Material for this task:
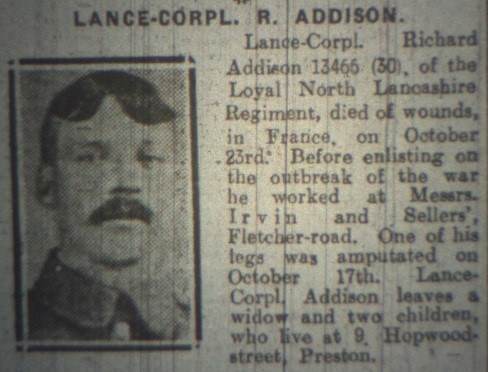 L/Cpl Richard Addison 13466, Loyal North Lancashire Regiment
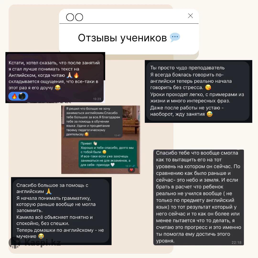 Помогаю школьникам и взрослым разобраться в грамматике, начать говорить уверенно и использовать английский в жизни, а не только в учебниках. 📘 Что предлагаю: • Индивидуальные уроки онлайн • Помощь с домашними заданиями • Консультации по произношению, грамматике и разговору • Подготовка к экзаменам и тестам Формат занятий - удобный, современный и без зубрежки. 💸 Стоимость - индивидуально, в зависимости от целей занятий. 📱 Пишите в или - отвечаю быстро! Онлайн-обучение доступно для всех регионов Казахстана.
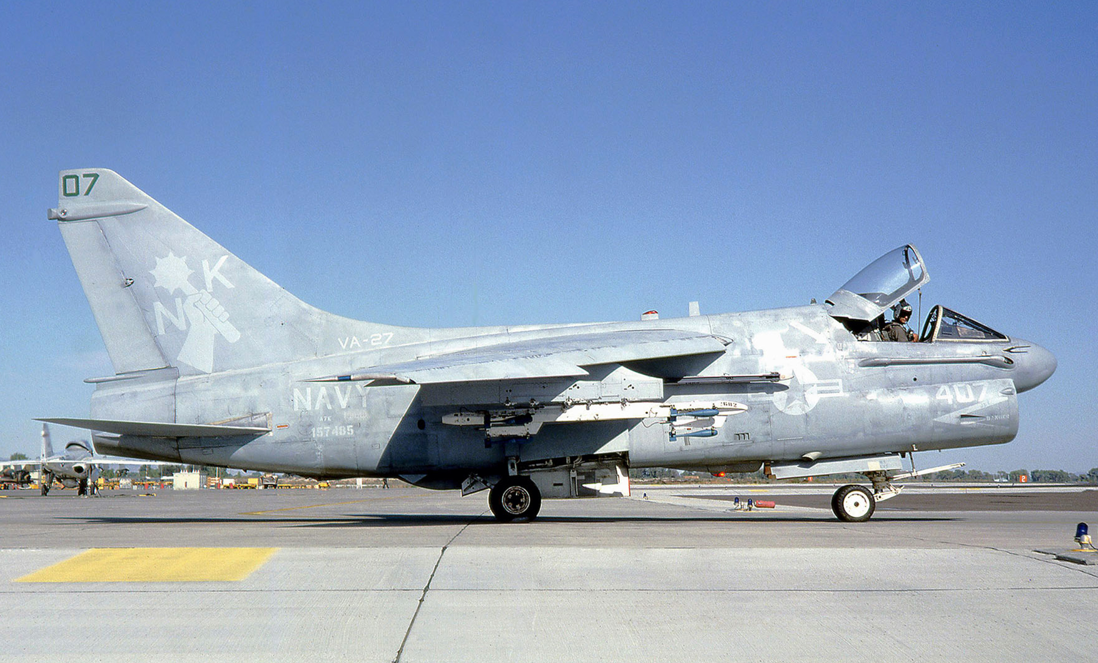 1983 - VA-27 A-7E Corsair II 407 in low-viz paint scheme taxiing out to the runway - unknown location. (Image Source - Rene Francillon)
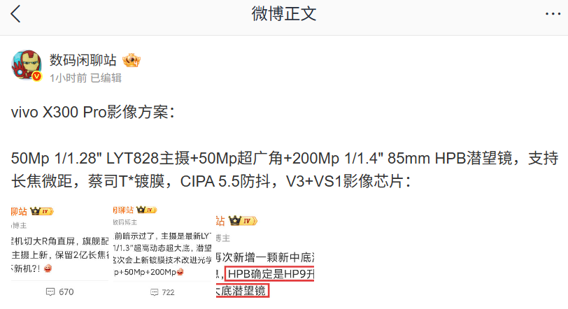 据博主 @数码闲聊站 今日爆料,vivo X300 Pro 手机将配备 50Mp 1/1.28″ LYT828 主摄 + 50Mp 超广角 + 200Mp 1/1.4″ 85mm HPB 潜望镜,拥有蔡司 T* 镀膜、搭载 V3+VS1 影像芯片,支持长焦微距、CIPA 5.5 防抖等。
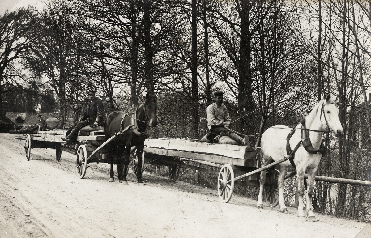 Timmerforor. Teleborg, Växjö, ca 1910. Karl Öhrn och Magni Svensson på var sin fora.
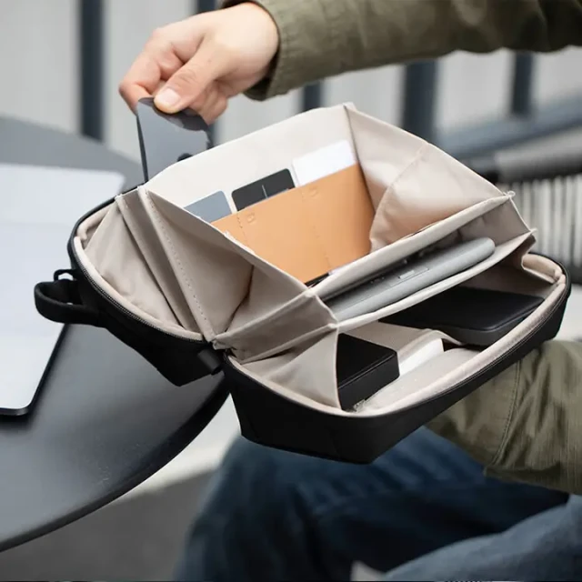 The practical clamshell opening allows you to easily access the contents, whether you open the case partially or completely. Inside, you will find a well-designed system of pockets and elastic loops that will keep your cables, chargers, headphones, power banks, pens, and other small accessories safe and tidy.
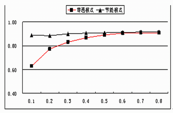 針對(duì)電源部分的損耗,戶外電源的工作模式和室內(nèi)電源是一樣的,正常情況下為均流工作模式。市電正常時(shí)模塊負(fù)載率較低,電源系統(tǒng)大多數(shù)沒有工作在系統(tǒng)最佳效率區(qū)間,因此可以采用電源模塊休眠技術(shù)根據(jù)系統(tǒng)負(fù)載狀態(tài),動(dòng)態(tài)調(diào)整工作模塊數(shù)量,使系統(tǒng)始終工作在最佳效率區(qū)間,從而降低系統(tǒng)的能耗。圖1表示了電源系統(tǒng)在普通工作模式下和節(jié)能模式下的系統(tǒng)典型效率比較。從圖1可看出,采用休眠節(jié)能模式,電源系統(tǒng)的效率在整個(gè)負(fù)載范圍內(nèi)基本保持不變,有效的降低了電源系統(tǒng)在低負(fù)載條件下的能耗。另一方面,對(duì)于戶外電源來說,電源系統(tǒng)效率提高會(huì)降低設(shè)備倉(cāng)的發(fā)熱量,降低設(shè)備倉(cāng)的溫度。
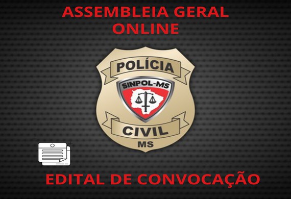 O PRESIDENTE DOSINDICATO DOS POLICIAIS CIVIS DO ESTADO DE MATO GROSSO DO SUL – SINPOL/MS, inscrito no CNPJ sob nº 01.105.436/0001-08, em conformidade com o artigo 15, alínea “a” e artigo 11, §2º, ambos do Estatuto Social da entidade, CONVOCA todos os filiados para ASSEMBLEIA GERAL “ON LINE” – PERMANENTE, que será realizada no dia 19 de dezembro de 2023, às 18h00min, em primeira convocação (não havendo quorum 30 minutos após será feita a segunda e definitiva convocação), por meio eletrônico de acesso via internet, mediante “link” a ser disponibilizado até 24 horas antes do início da reunião no sitio do SINPOL/MS e suas redes sociais, para deliberarem especificamente sobre a pauta única: NEGOCIAÇÃO SALARIAL.
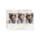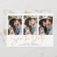 Manuscrito Salvar a Data Dourada Múltipla Cartão com fotos Marble em uma fonte elegante e que evoca um toque romântico manuscrito. Na parte de trás há veias do estilo folha de ouro modernas correndo através de mármore clássico. Projetado para usar três de suas fotos favoritas para personalização adicional. Adicione facilmente seus nomes e datas para um design verdadeiramente personalizado. Entre em contato conosco em cedarandstring@gmail.com se precisar de assistência com o design ou produtos correspondentes.
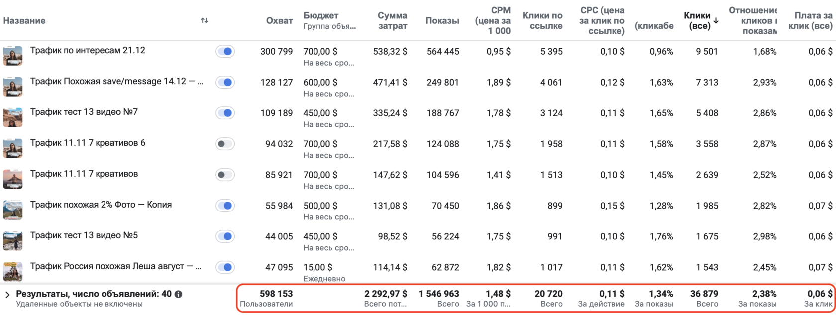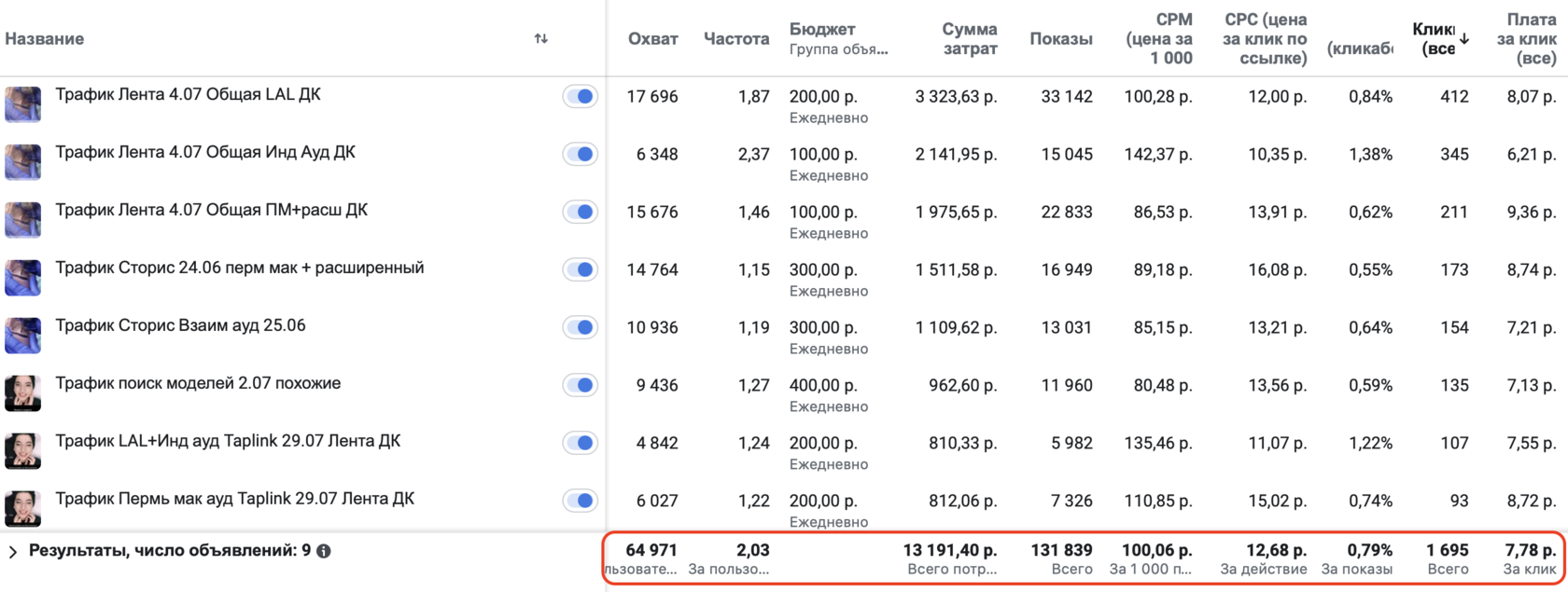 Изначально мы тестировали 13 креативов на 5 различных аудиторий. Определили, что из этого сработало лучше, и начали использовать.
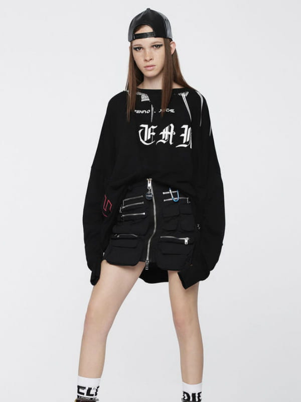 Mini-jupe noire à multiples poches avec finitions argentées et mousqueton amovible de Diesel
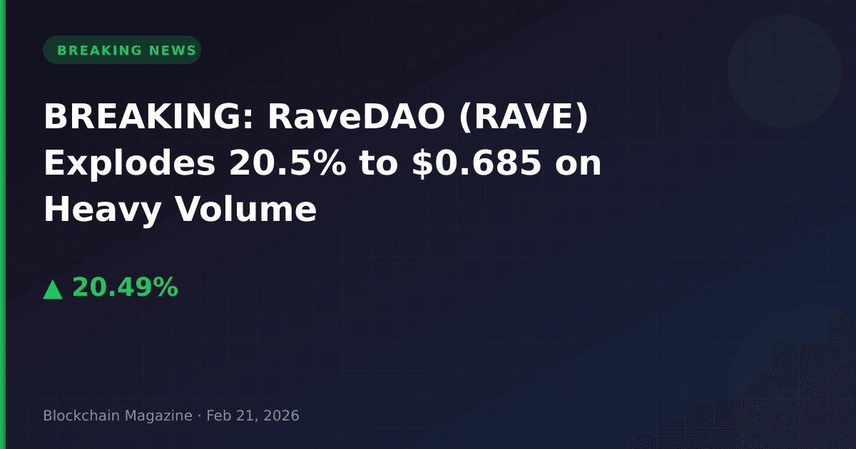 RaveDAO (RAVE) has posted a dramatic 20.5% surge in the past 24 hours, reaching $0.685003 as of 22:07 UTC on February 21, 2026, with trading volume spiking to $60.3 million.
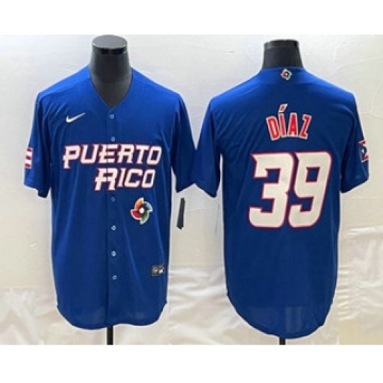 Men's Puerto Rico Baseball #39 Edwin Diaz 2023 Blue World Baseball Classic Stitched Jerseys
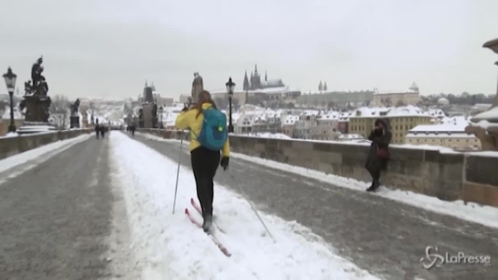 (LaPresse) Gli sciatori di Praga hanno trasformato un ponte della città in un inusuale pista da sci, per evitare di perdersi le gioie di una sciata vista la chiusura degli impianti in Repubblica Ceca per il covid. Una dozzina di persone si è ritrovata sul Charles Bridge, dove si erano posati diversi centimetri di neve: “Avviserò mio nipote” scherza una cittadina che si è ritrovata nel bel mezzo della pista da sci improvvisata.
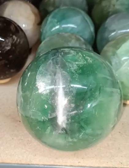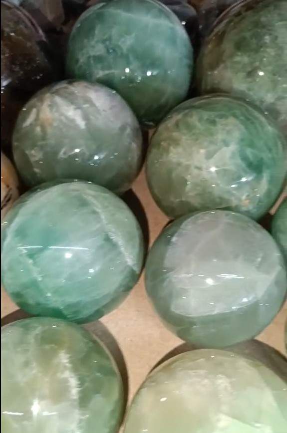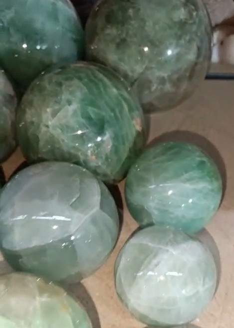 Esfera pulida de fluorita con tonos verdosos y vetas naturales. Cada pieza es única y combina estética con propiedades energéticas asociadas a la aridad mental, equilibrio y protección energética. Ideal para decoración, meditación o colección.
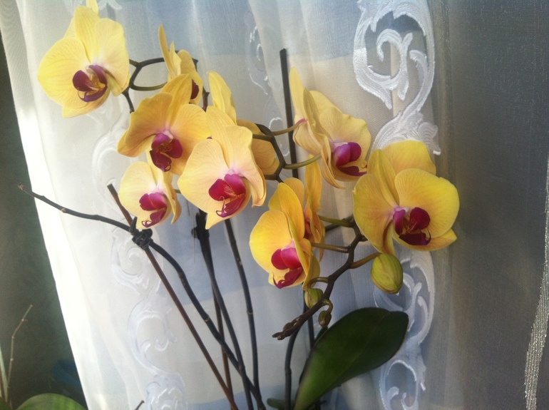 ОрхидеиВ прошлом году после 8 марта распродавала орхидеи, по 70-150р. Они были уже почти без цветов, и их вообще не поливали недель пять наверное.(т.е. листики были слегка пожухшие) Я выбрала 3шт, дама оказалось что в одном горшочке 2шт вместе. Рассадила, теперь у меня 4 орхидеи. Сначала они как то не очень цвели, по 2-3 цветочка и все. А в этом году один из них меня очень порадовал. Такое количество цветов впервые, и я так радуюсь, хожу вокруг него, любуюсь. Знаю, что у других бывает намного больше, но для меня и это счастье ) Вот она, моя прелесть )
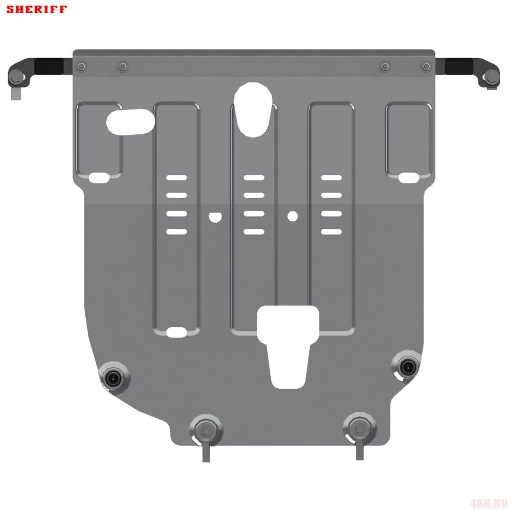 Защита картера Sheriff нужна для сохранности узлов и агрегатов, находящихся на днище авто. Она надежно защитит двигательный отсек вашего автомобиля от повреждений. Также она защищает моторный отсек от влаги и грязи, и предусматривает наличие металлических крыльев, которые выполняют функцию пыльника.
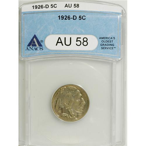 <B>1926-D 5C AU58 ANACS.</B></I> NGC Census: (23/427). PCGS Population (25/773). Mintage: 5,638,000. Numismedia Wsl. Price: $242. (#3958)<BR><BR><b>Shipping:</b> Coins & Currency (<a target="_blank" href="http://www.heritageauctions.com/common/shipping.php">view shipping information</a>)
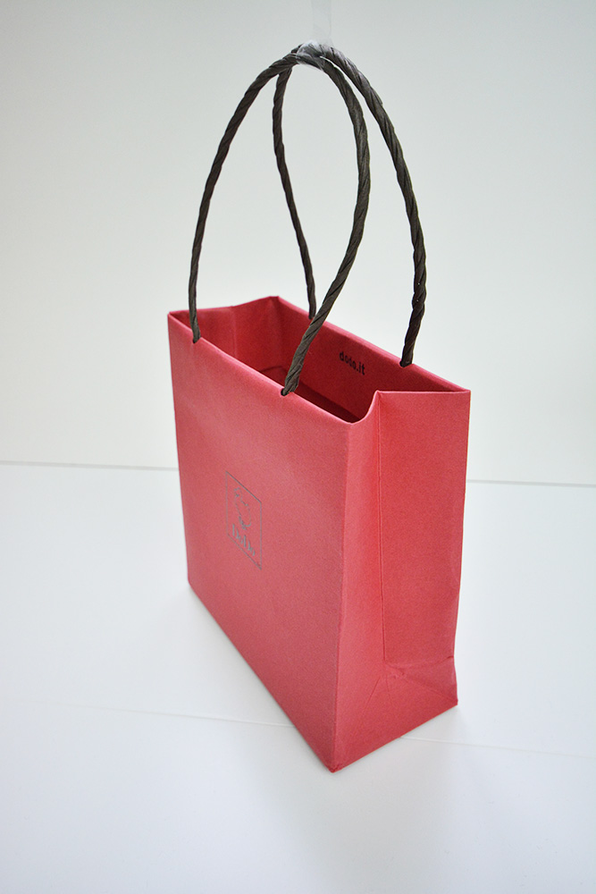 厚手の赤色のクラフト風の紙で手触りも優しい感じの紙袋です。
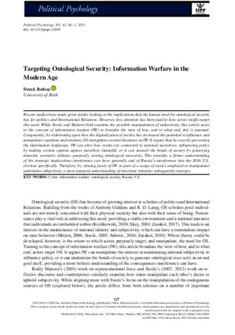Recent studies have made great strides looking at the implications that the human need for ontological security has for politics and International Relations. However, less attention has been paid to how actors might target this need. While Steele and Mattern both examine the possible manipulation of subjectivity, this article turns to the concept of information warfare (IW) to broaden the view of how, and to what end, this is pursued. Congruently, by elaborating upon how the digitalization of society has increased the potential to influence and manipulate cognition and emotion, OS strengthens current literature on IW. It argues that by covertly perverting the information landscape, IW can alter how events are connected to national narratives, influencing policy by making certain options appear more/less shameful, or it can unravel the bonds of society by polarizing domestic narrative debates, purposely sowing ontological insecurity. This provides a firmer understanding of the strategic implications interference can have generally and of Russia's interference into the 2016 U.S. election specifically. Therefore, by viewing facets of IW as part of a range of tactics employed to manipulate/undermine subjectivity, a more nuanced understanding of interstate relations subsequently emerges.
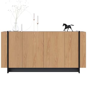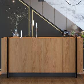 A sala de jantar é um dos principais ambientes da casa, pois é nela que recebemos os amigos e familiares para curtir aquela receita nova ou mesmo saborear a tradicional pizza do fim de semana e, portanto, devemos abusar da decoração para torná-la um espaço agradável e receptivo. Então, que tal um buffet que foge do tradicional e traz um design moderno e inspirado nas águas brasileiras?! Isso mesmo! O Buffet Copacabana Freijó/Preto Fosco, além de render homenagem à praia carioca, ainda imprime em cada detalhe a beleza desse lugar representado em um móvel. A mistura das tonalidades com as texturas da madeira e dos tubos metálicos é o que torna esse balcão buffet contemporâneo e cheio de estilo. Já a qualidade também é inquestionável, pois é fabricado em MDP com acabamento UV, possui 4 portas com amplo espaço interno e 2 prateleiras para deixar todos os aparatos de jantar organizados e sempre à altura das mãos. Então que tal ter um pedacinho da Capacabana aí na sua sala de jantar?! Adicione agora mesmo esse Balcão Buffet ao seu carrinho e surpreenda-se com os elogios!Dimensões do ProdutoLargura: 160 cm.Altura: 80 cm.Profundidade: 42,5 cm.Peso: 45 Kg.Características do ProdutoMaterial da estrutura: MDP.Material do Fundo: MDP.Peso Suportado: 50 Kg distribuídos.Acabamento: Pintura UV.Escala de Brilho: Texturizado Fosco.Possui Portas: Sim.Quantidade de Portas: 4 Portas.Tipo de Porta: Convencional.Possui Prateleiras: Sim.Quantidade de Prateleiras: 2 Prateleiras.Material da Prateleira: MDP.Possui Nicho: Não.Possui Gavetas: Não.Diferenciais:- Design moderno.- Tubos metálicos preto.- Cor imita mármore.Sistema de Montagem: Parafuso e Miniflix.Manual de Montagem: Sim.Complexidade da Montagem: Média.Conteúdo da Embalagem: 1 Buffet.Volumes: 2 Volumes.Garantia do Fabricante: 3 meses contra defeitos de fabricação.Montagem: Recomendamos que seja feita por um profissional.Recomendação de limpeza: Utilize pano levemente úmido.Observações importantes:- Produto para uso residencial em ambiente interno, não devendo ficar exposto diretamente ao sol, calor e umidades excessivas.- Pode haver alguma diferença de tonalidade entre a imagem e o produto real, por conta do tratamento de imagens e a calibração de cores do seu monitor.- As imagens são meramente ilustrativas, não acompanham objetos de decoração e eletrônicos.- Confira o estado da embalagem, não devendo assinar o comprovante em caso de danos.- Não asseguramos, no ato da entrega, por subir escadas/elevadores, pelo transporte por guincho em apartamentos ou montagem, desmontagem e instalações. Eventuais despesas são por conta do comprador.- Confira as dimensões do produto e certifique-se de que passará normalmente por supostos elevadores, portas, escadas e/ou corredores de sua residência.
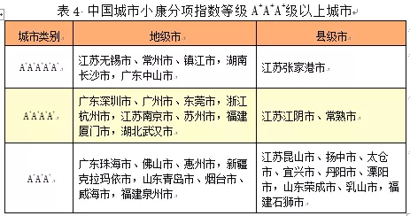在中国地级市全面小康指数前100名和中国县级市全面小康指数前100名中,小康分项指数A+A+A+级以上城市有33个。
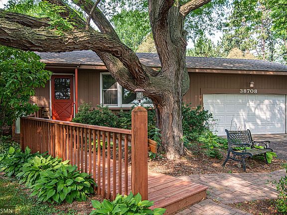 Affordable 4 bedroom/2 bath rambler in town on wooded, private, gardenlike setting. Remodeled kitchen with many updates including stainless steel appliances, gorgeous cabinetry, and hardwood flooring. 4 season porch also updated with several windows for viewing the private backyard. Newer furnace and AC and home has a whole house fan. 3 bedrooms and full bath on the main level. Lower-level has a large 4th bedroom and a game room/flex room that could be used as an office, hobby room, or 5th non-legal bedroom. Lower-level laundry/storage room has a walkout to the backyard. Very picturesque yard with lots of plants, garden areas, and mature trees to enjoy. Convenient in town location close to schools, parks, restaurants, shopping, Quik Trip, bike and walking paths, golfing, and I35.

Your goal: Would you output only the span of the records above that opens with the line containing "Изначально мы тестировали" and closes with the line containing "Esfera pulida de", ends included and pictures dropped?

Written reply:
 Изначально мы тестировали 13 креативов на 5 различных аудиторий. Определили, что из этого сработало лучше, и начали использовать.
 Mini-jupe noire à multiples poches avec finitions argentées et mousqueton amovible de Diesel
 RaveDAO (RAVE) has posted a dramatic 20.5% surge in the past 24 hours, reaching $0.685003 as of 22:07 UTC on February 21, 2026, with trading volume spiking to $60.3 million.
 Men's Puerto Rico Baseball #39 Edwin Diaz 2023 Blue World Baseball Classic Stitched Jerseys
 (LaPresse) Gli sciatori di Praga hanno trasformato un ponte della città in un inusuale pista da sci, per evitare di perdersi le gioie di una sciata vista la chiusura degli impianti in Repubblica Ceca per il covid. Una dozzina di persone si è ritrovata sul Charles Bridge, dove si erano posati diversi centimetri di neve: “Avviserò mio nipote” scherza una cittadina che si è ritrovata nel bel mezzo della pista da sci improvvisata.
 Esfera pulida de fluorita con tonos verdosos y vetas naturales. Cada pieza es única y combina estética con propiedades energéticas asociadas a la aridad mental, equilibrio y protección energética. Ideal para decoración, meditación o colección.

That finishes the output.